Жаль, очень жаль, что множество писем князя Александра Васильевича к покойному генерал-поручику Петру Ивановичу Турчанинову, к адмиралу де Рибасу и многим другим особам, имеющие на себе печать оригинальности, остаются под спудом и только в искаженных копиях переходят из рук в руки. Сими бесценными сокровищами обладает почтеннейший племянник его, граф Дмитрий Иванович Хвостов. От него ожидает публика сего подарка; он один, зная обстоятельства тогдашнего времени, может раскрыть тайны сих полезных иероглифов и показать нам сего Героя, и на письме ни на кого не похожего. Я поместил в Истории Российско-австрийской кампании 1799 года всю тогдашнюю его переписку, а здесь помещу два его лаконизма в письмах:
Письмо 1
Поле, один мой элемент! А — теперь выглядчик из-за кулисы на триумф Терситов...
Письмо 2 (Ответ на кончину князя Потемкина)
Се человек!.. Образ мирских сует!.. Беги от них мудрый!
Князь, как всем известно, любил забавляться странными вопросами; а удачные ответы его веселили. Однажды спросил он встретившегося с ним: «Далеко ли отсюда к небу?» Ответ: «Два суворовских перехода». И Суворов расцеловал его. Также спросил он в трескучий мороз стоявшего на часах: «Сколько на небе звезд?» Тот отвечал: «Сейчас перечту, — и начал: — Раз, два, три, и т.д». Когда он насчитал до тысячи и более, тогда Александр Васильевич, сильно прозябнув, спросил его имя и ускакал. На другой день он унтер, — и Суворов сказал: «Нет, он меня перехитрил».
Генерал-поручик и начальник Инженерного департамента при покойной Екатерине, Тючков, поздравлял Суворова с победами и между прочим заметил, что он не присылает по обязанности своей карт и планов сражениям в его департамент. Он признался, что виноват. Тотчас вынес большую карту Европы, свернутую в трубку; возложил ее на плечо, как ружье; отдал ею честь к ноге и положил ее к стопам Тючкова.

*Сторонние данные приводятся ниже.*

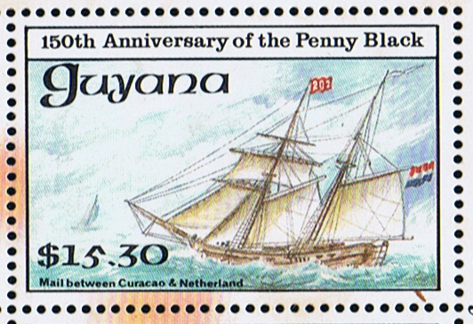 II believe the Guyana stamp issued in 1990 $15.30 with the inscription of “Mail between Curacao & Netherland” is designed after a aquarelle made by the Dutch artist Jacob Spin (1806-1875) which shows the schoenerkof (schooner-koff) MONNICKENDAM and VERWACHTING in the estuary of Texel in the Netherlands.

Случились у Суворова: Дерфельден, австрийский генерал Карачай и еще некоторые, служившие с ним в Турецкую войну. Граф начал с Карачаем говорить по-турецки; тот отвечал ему с великим трудом, извиняясь, что позабыл. Наконец, после многих разговоров, спросил он: «Зачем не взяли мы тогда Константинополя?» Карачай отвечал, смеючись, что это было не так-то легко. «Нет, — возразил Суворов, — безделица! Несколько переходов при унынии турков — и мы в Константинополе; а флот наш — в Дарданеллах». Тут остановили его Карачай и Дерфельден напоминанием о трудностях пройти их. «Пустяки, — отвечал он, — наш Елфинстон в 1770 году с одним кораблем вошел туда; не удостоил их и выстрела; посмеялся этой неприступности музыкою на корабле и возвратился, не потеряв ни одного человека. Знаю, что после барон Тот укрепил Дарданеллы. Но турецкая беспечность давно привела их в первобытное бездействие. Прочитайте описание о сих Дарданеллах Еттона, бывшего долгое время английским резидентом при Порте Оттоманской, и вы разуверитесь. Наш флот там был бы. Но миролюбивая политика, остановившая его паруса и руль, велела ветрам дуть назад».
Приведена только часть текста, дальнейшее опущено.